The Lytton farm in that era was just one of many outposts in the state’s vast child welfare/child labor system. California had more kids per capita in institutions than anywhere else in the United States; in the early 1910s it was estimated more than one child out of 50 was in some sort of institution each year.1

Those staggering numbers reflect the complicated attitudes towards children a century ago. Although Lytton was also known as the “Golden Gate Orphanage,” only eight percent of the kids were truly orphans; “Mother Bourne,” the driving force at Lytton and wife of the superintendent said most children were there because of unfit parents, particularly drunkenness and “looseness of the marriage tie” (another writer listed “modified hoboism or Bohemianism” as a factor). Altogether, two out of three were there for such reasons or because they were deemed to be “unmanageable.” The good news was that very often their stay at Lytton was temporary, with a child returning to his/her family once the situation stabilized.

But “mild delinquents” were also sentenced to Lytton by the courts, and one who made news locally in 1912 was Jimmy Gillespie. The 11 year-old ran away immediately and made his way to Santa Rosa, where he burgled two houses and stole a bike.
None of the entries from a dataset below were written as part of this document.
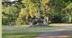
Jamnitzer Platz (unten)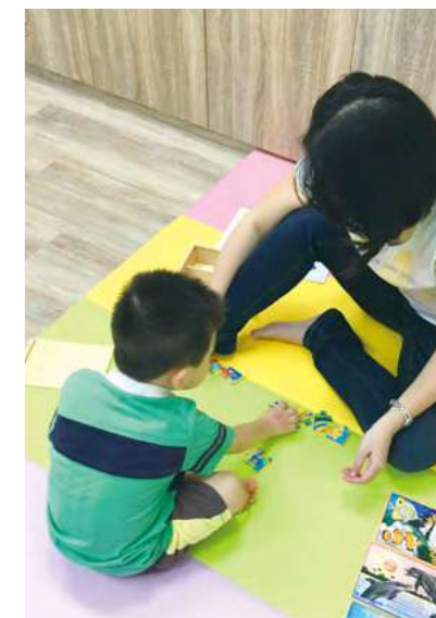
拼出自己的生命圖

心」及「不安全感」全開，成為團體生活變調的一個小麻煩，也常常讓大人們的神經快要斷線。然而，事實上一個被原生家庭不當對待的孩子，除需要更多的刺激、更多的跟人互動的機會去慢慢補足空缺的力量，亦需要更多的體諒和耐心等待：請體諒因為難受而大哭大叫的孩子，並同時理解孩子的情緒，當孩子有足夠的安適感後，就會開始有良好的對外探索與互動。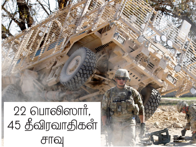
22 பொலிஸார், 45 தீவிரவாதிகள் சாவு

காபுல், நவ. 16 ஆப்கானிஸ்தான் நாட்டில் உள்ள கந்தஹார் மாகாணத்தில் 15 சோதனைச் சாவடிகளின் மீது தலிபான் தீவிரவாதிகள் நடத்திய ஆவேச தாக்குதலில் 22 பொலிஸார் உயிரிழந்தனர். 45 தீவிரவாதிகள் கொல்லப்பட்டனர் எனத் தெரிவிக்கப்படுகிறது. ஆப்கானிஸ்தானில் ஆதிக்கம் செலுத்திவரும் தலிபான் தீவிரவாதி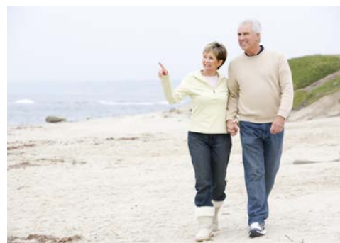
Herrlich – diese Luft!

Nach erholsamen Tagen treten Sie nach dem Frühstück die Heimreise an. Ein Bus bringt Sie an den Bahnhof nach Westerland. Von hier geht es mit dem 1. Klasse-Sonderzug AKE-RHEINGOLD zurück nach Bremen an. Anschließend Transfer nach Oldenburg und Taxi-Service (falls gebucht) nach Hause.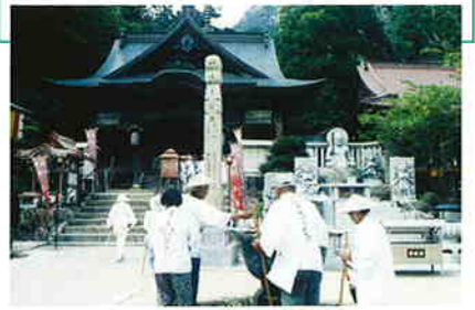
お遍路さんは全国各地から集まる

大窪寺は、四国霊場第88番札所。心願成就を願って出かけた四国遍路の旅を締めくくると大窪寺の鐘とお遍路さんの鈴の音が、四季折々の景観のなかで響きわたる。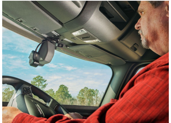
El IC 500 con cámara periférica hacia el conductor en una instalación típica de montaje en parabrisas.

Si bien nos esforzamos por garantizar la precisión de todas nuestras especificaciones publicadas, el rendimiento de campo real puede variar según una variedad de factores ambientales, de instalación y de uso, así como factores de terceros, como proveedores de servicios celulares. Las especificaciones enumeradas son aproximaciones, y no constituyen declaraciones vinculantes ni modifican los términos y condiciones de compra o alquiler, incluidas las limitaciones y garantías operativas del producto. Todas las especificaciones están sujetas a cambios sin previo aviso. Visite www.orbcomm.com para asegurarse de tener la última versión de estas especificaciones.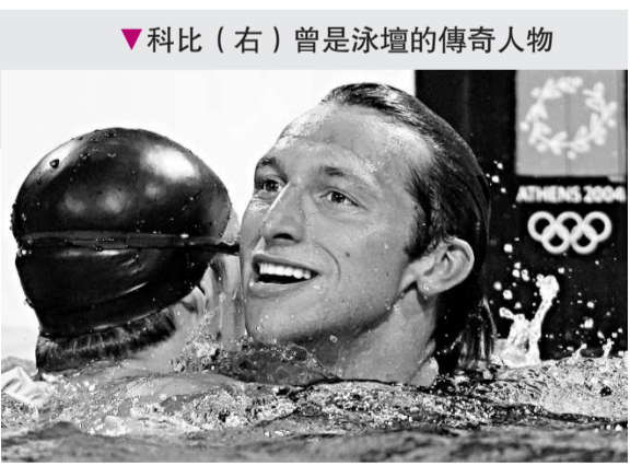
科比 (右) 曾是泳壇的傳奇人物

報道還引用科比朋友兼經理人弗拉斯克斯的話說：「沒有什麼事是不可能的，但據我所知，科比目前沒對眼前的事做什麼驚天動地的大計劃。科比的狀態很好，體重減了很多，仍在堅持訓練……(他復出)將是一段佳話，會是非常精彩的比賽。」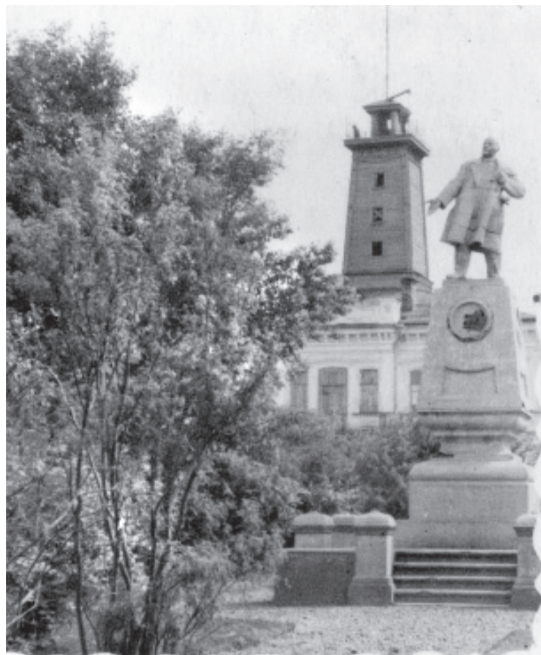
Ростовой памятник В.И. Ленину на постаменте 1925 года. Июль 1950 г.

Позади трактора ехала вереница телег, в которых находились фигуры, изображавшие остатки старого, дореформенного быта в виде вредителей сельского хозяйства, начиная с попа и кончая генералом, кулаками, буржуем и замызганной фигурой отживающего своё время трёхполья.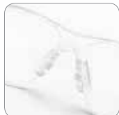
Rutschfester und einstellbare Nasensteg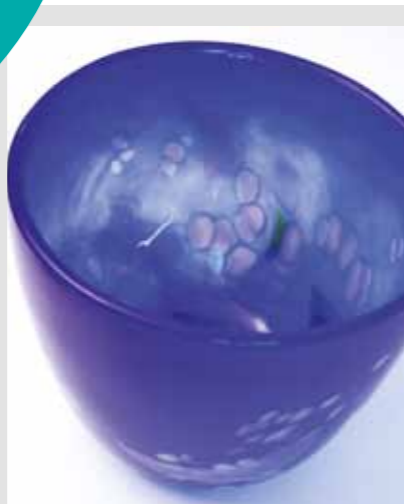
Liten bolle fra SkL kr 250,-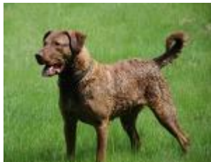
de Chesapeake Bay Retriever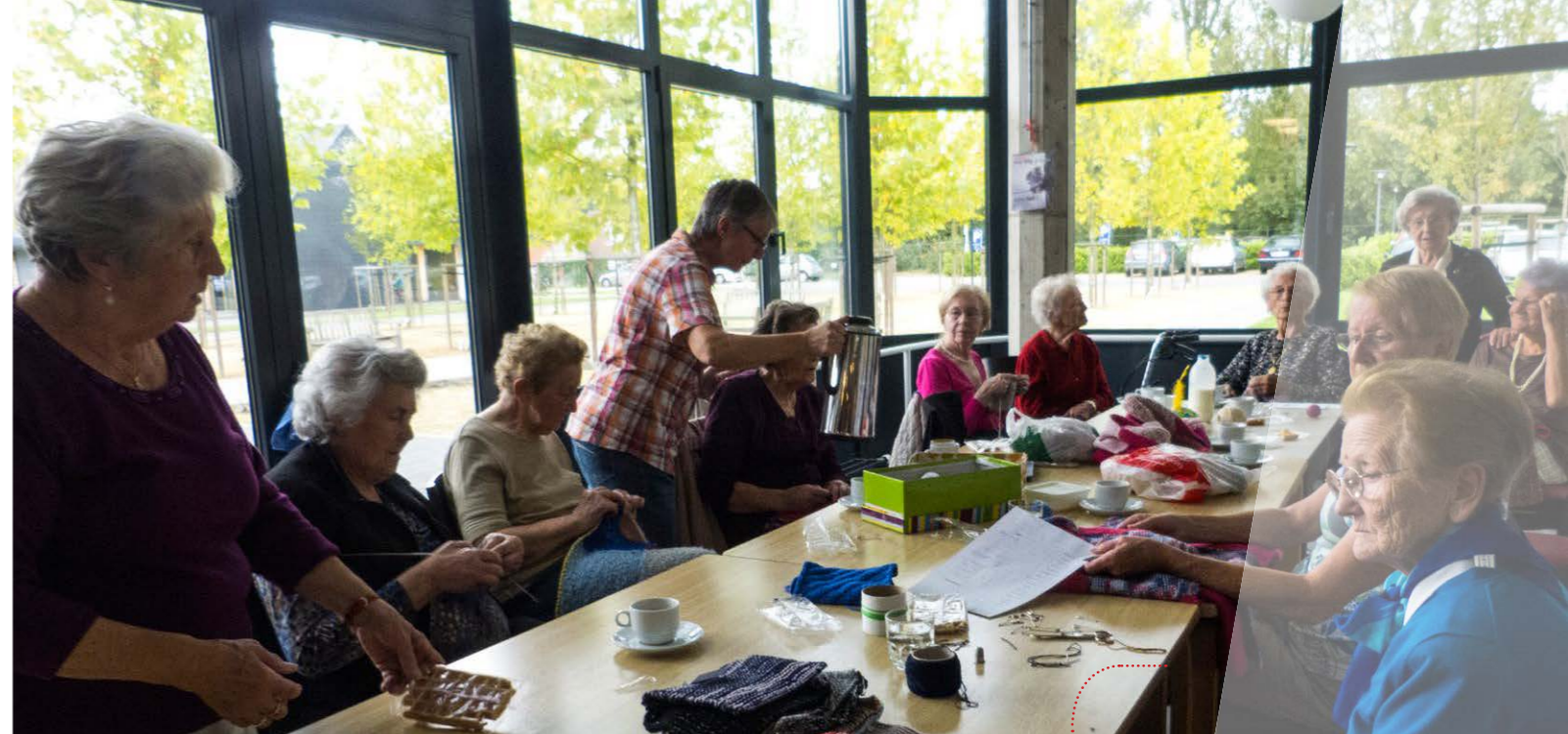
Ouderen ontmoeten elkaar in het woon- en zorghuis Ten Kerselaere

Verbonden zijn met elkaar doet deugd. Hier op het slotfeest van het bisdom.

After being captured by a deputy he escaped before he could be sent back to Lytton, this time stealing $4.60 from the purse of a woman on Orchard street. Superintendent Bourne came to town to pick up the boy after he was caught, promising he would be closely watched, according to the Republican paper. But a week later Jimmy ran away once more, this time breaking into a general store in Geyserville and making off with valuables, including “some marbles.” This time he was nabbed after robbing a railroad station of tickets he planned to use to flee to San Francisco. The paper reported he was “rated as an incorrigible by the Sonoma County officials” with “a record of petty offenses that is appalling.” One of the headlines in the Republican went so far as to call his mini-crime spree “evil acts.”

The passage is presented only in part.